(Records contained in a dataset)
* * * *

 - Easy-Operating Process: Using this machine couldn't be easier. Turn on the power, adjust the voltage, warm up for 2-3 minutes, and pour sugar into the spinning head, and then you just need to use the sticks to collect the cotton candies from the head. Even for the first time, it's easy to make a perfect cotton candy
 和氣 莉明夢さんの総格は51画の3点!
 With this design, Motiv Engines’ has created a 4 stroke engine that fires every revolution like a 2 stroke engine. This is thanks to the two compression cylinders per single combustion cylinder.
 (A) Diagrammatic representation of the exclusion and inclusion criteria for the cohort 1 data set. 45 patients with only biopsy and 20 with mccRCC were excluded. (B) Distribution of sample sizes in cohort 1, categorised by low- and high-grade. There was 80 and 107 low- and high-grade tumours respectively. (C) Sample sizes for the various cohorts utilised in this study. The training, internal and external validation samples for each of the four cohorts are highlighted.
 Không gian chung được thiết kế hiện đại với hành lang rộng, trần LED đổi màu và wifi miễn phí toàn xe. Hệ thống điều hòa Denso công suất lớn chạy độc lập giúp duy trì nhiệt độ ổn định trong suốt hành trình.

* * * *

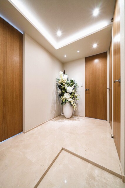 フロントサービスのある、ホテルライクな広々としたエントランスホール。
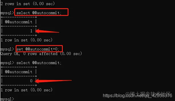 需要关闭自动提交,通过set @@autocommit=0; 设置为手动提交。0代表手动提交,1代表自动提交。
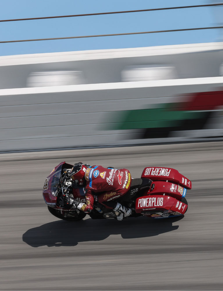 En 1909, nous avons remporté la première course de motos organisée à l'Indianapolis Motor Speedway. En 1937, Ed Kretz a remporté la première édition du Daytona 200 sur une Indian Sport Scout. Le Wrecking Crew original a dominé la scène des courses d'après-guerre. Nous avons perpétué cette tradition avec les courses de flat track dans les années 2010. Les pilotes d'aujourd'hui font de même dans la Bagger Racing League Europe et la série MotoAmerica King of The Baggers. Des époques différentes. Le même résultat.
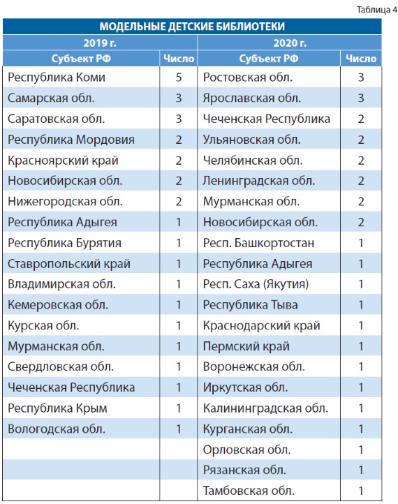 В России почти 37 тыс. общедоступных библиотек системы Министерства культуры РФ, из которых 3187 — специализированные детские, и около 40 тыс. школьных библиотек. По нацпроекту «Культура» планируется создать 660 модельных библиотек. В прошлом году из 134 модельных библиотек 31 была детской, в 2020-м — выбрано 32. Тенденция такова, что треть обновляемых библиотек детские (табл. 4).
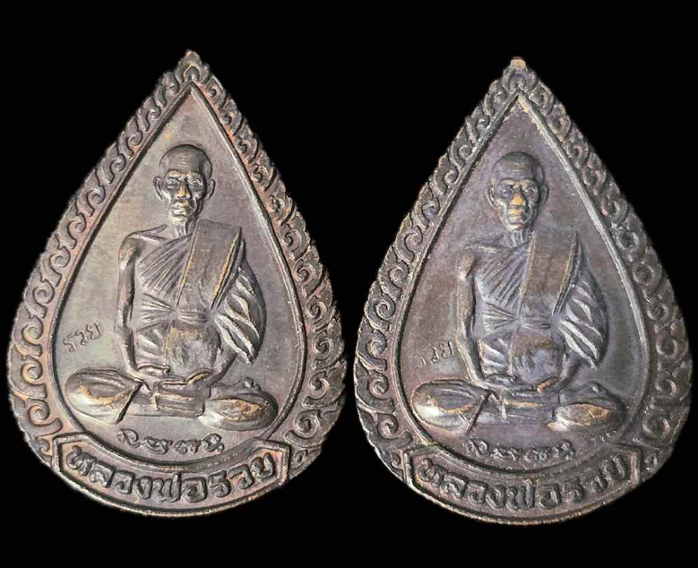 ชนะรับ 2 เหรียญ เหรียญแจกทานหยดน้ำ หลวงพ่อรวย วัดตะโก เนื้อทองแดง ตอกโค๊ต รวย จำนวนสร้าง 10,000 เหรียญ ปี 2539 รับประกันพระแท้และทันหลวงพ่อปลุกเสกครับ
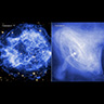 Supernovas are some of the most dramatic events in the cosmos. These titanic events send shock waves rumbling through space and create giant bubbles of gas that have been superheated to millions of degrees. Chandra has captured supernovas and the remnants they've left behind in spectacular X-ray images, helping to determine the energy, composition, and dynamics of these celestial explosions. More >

* * * *

In the entries above, some lines hold the string "this". Copy each of them.

## RESPONSE TO THE TASK
 - Easy-Operating Process: Using this machine couldn't be easier. Turn on the power, adjust the voltage, warm up for 2-3 minutes, and pour sugar into the spinning head, and then you just need to use the sticks to collect the cotton candies from the head. Even for the first time, it's easy to make a perfect cotton candy
 With this design, Motiv Engines’ has created a 4 stroke engine that fires every revolution like a 2 stroke engine. This is thanks to the two compression cylinders per single combustion cylinder.
 (A) Diagrammatic representation of the exclusion and inclusion criteria for the cohort 1 data set. 45 patients with only biopsy and 20 with mccRCC were excluded. (B) Distribution of sample sizes in cohort 1, categorised by low- and high-grade. There was 80 and 107 low- and high-grade tumours respectively. (C) Sample sizes for the various cohorts utilised in this study. The training, internal and external validation samples for each of the four cohorts are highlighted.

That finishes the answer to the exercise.